I do use a huge amount of snowmelt to fill my outdoor stocktanks and pond each spring. In an ideal year, the inground pond thaws and allows me to pump it dry while there is still much snow in drifts around the house and yard. I shovel that snow into the pond and the stocktanks to fill them; they must be filled several times and allowed to melt down. I typically have snow piled up several feet high on the pond ice, waiting for the melt; I love that wonderful sound when the ice is thin enough, and enough water has been pumped from beneath it, and the snow is heavy enough...and it breaks! :)
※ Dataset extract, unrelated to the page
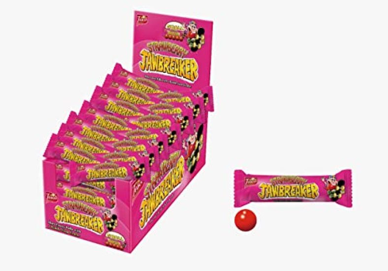 • – Tasty strawberry candy with a bubble gum center.

I need to be especially careful with this because the fish live in the basement during the winter in well water, fairly hard and slightly alkaline. In order not to shock them when they go outside, I need to "cut" the snowmelt with a fair admixture of well water, usually at least 20 or 25%. I then acclimate the fish very slowly when taking them outside. Honestly, that's about the only time when I do significant water testing, i.e. when stocktanks are first set up. Otherwise, I rarely bother with testing nitrates and even more rarely test any other parameters. My well water is always stable; my tanks are uncrowded and very predictable in how fast they accumulate nitrates, and my water change routine is generous enough that the fish are typically living in water that is practicaly straight out of the ground in terms of accumulated wastes.